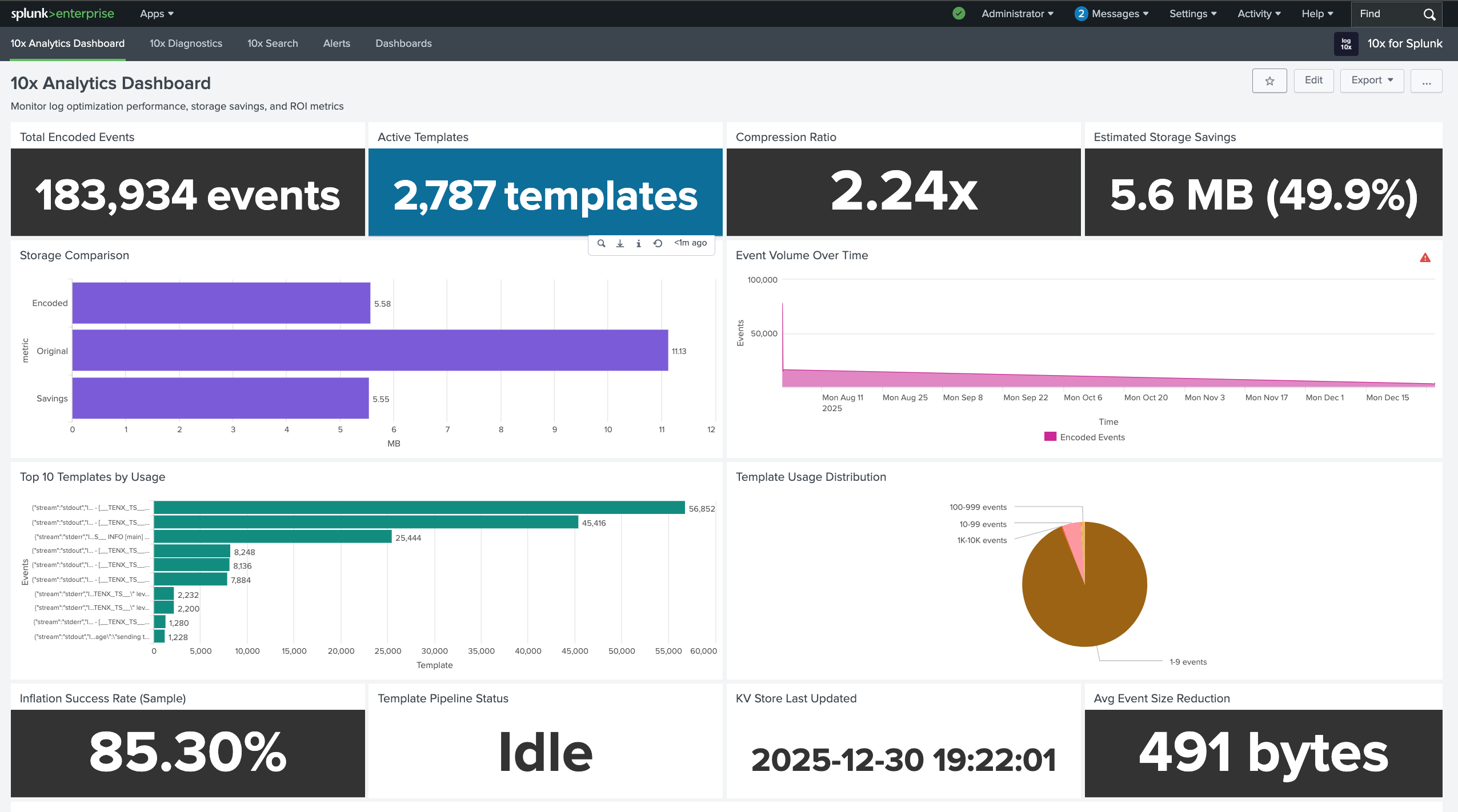 Search and visualize compact events in Splunk with zero data loss. This open-source app transparently expands compact events at search time, maintaining full querying, dashboard, and alerting capabilities while reducing ingestion costs by over 50%.
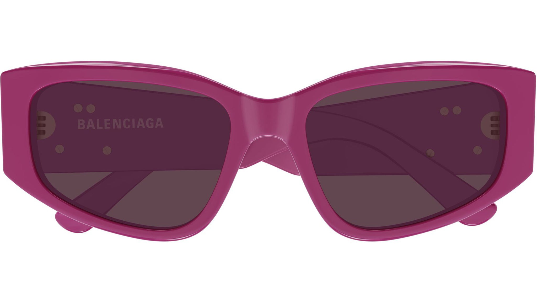 Occhiali da sole Balenciaga BB0475S 004 donna con montatura cat eye in acetato riciclato fuchsia solido lucido e lenti viola scuro solido. Linea: Everyday. Codice modello: BB0475S. Codice colore: 004. Made in Italy. Rivenditore autorizzato Balenciaga online. Gli occhiali vengono consegnati con custodia e accessori originali e sono coperti dalla garanzia ufficiale di 12 mesi del produttore.
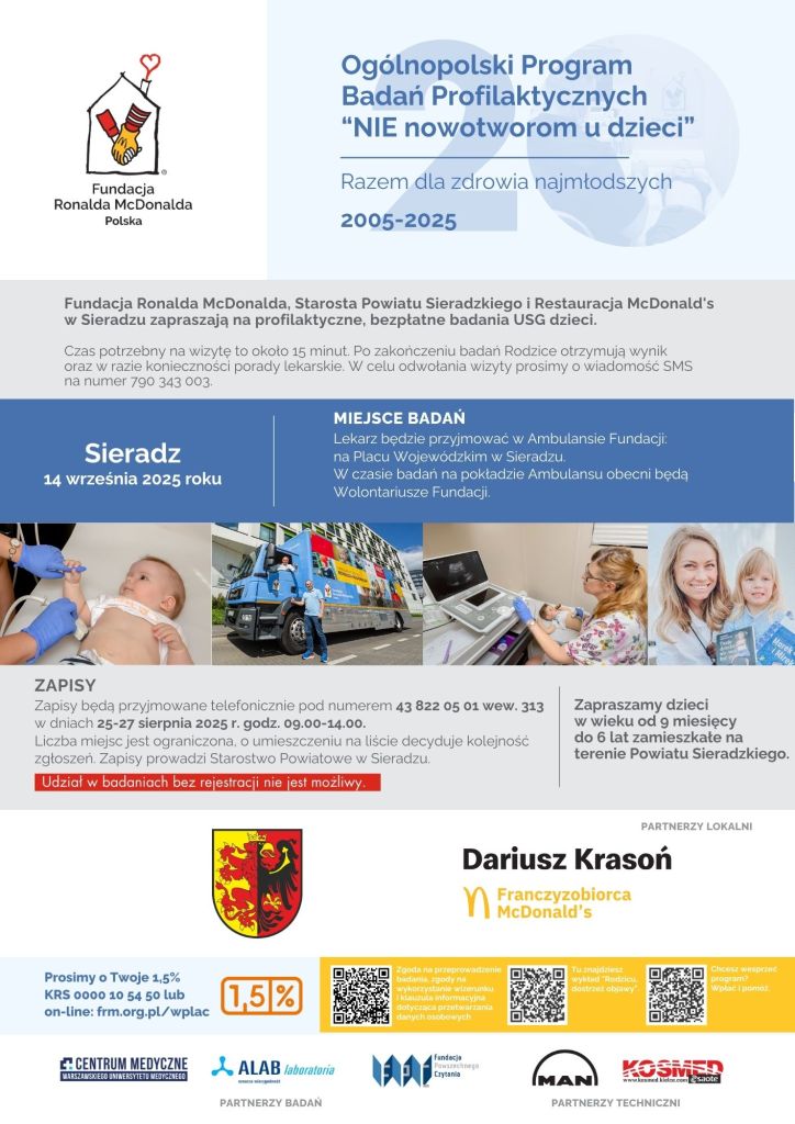 Zapowiada się atrakcyjna niedziela w Sieradzu. W programie jarmarku miedzy innymi prezentacja oraz warsztaty sztuki i rękodzieła, kiermasz artykułów spożywczych, wesołe miasteczko, gry i zabawy dla dzieci, pokaz sprzętu wojskowego i strażackiego, występy w zespołów i solistów z gmin powiatu sieradzkiego, zespołów Nowator i Big Cyc. Będą też bezpłatne badania profilaktyczne oraz badania w ramach programu ‚”Nie nowotworom u dzieci”.
::::::::::
■ Task details ■
Print the entire listing precisely as written, omitting the images it holds.

■ Your solution ■
 Search and visualize compact events in Splunk with zero data loss. This open-source app transparently expands compact events at search time, maintaining full querying, dashboard, and alerting capabilities while reducing ingestion costs by over 50%.
 Occhiali da sole Balenciaga BB0475S 004 donna con montatura cat eye in acetato riciclato fuchsia solido lucido e lenti viola scuro solido. Linea: Everyday. Codice modello: BB0475S. Codice colore: 004. Made in Italy. Rivenditore autorizzato Balenciaga online. Gli occhiali vengono consegnati con custodia e accessori originali e sono coperti dalla garanzia ufficiale di 12 mesi del produttore.
 Zapowiada się atrakcyjna niedziela w Sieradzu. W programie jarmarku miedzy innymi prezentacja oraz warsztaty sztuki i rękodzieła, kiermasz artykułów spożywczych, wesołe miasteczko, gry i zabawy dla dzieci, pokaz sprzętu wojskowego i strażackiego, występy w zespołów i solistów z gmin powiatu sieradzkiego, zespołów Nowator i Big Cyc. Będą też bezpłatne badania profilaktyczne oraz badania w ramach programu ‚”Nie nowotworom u dzieci”.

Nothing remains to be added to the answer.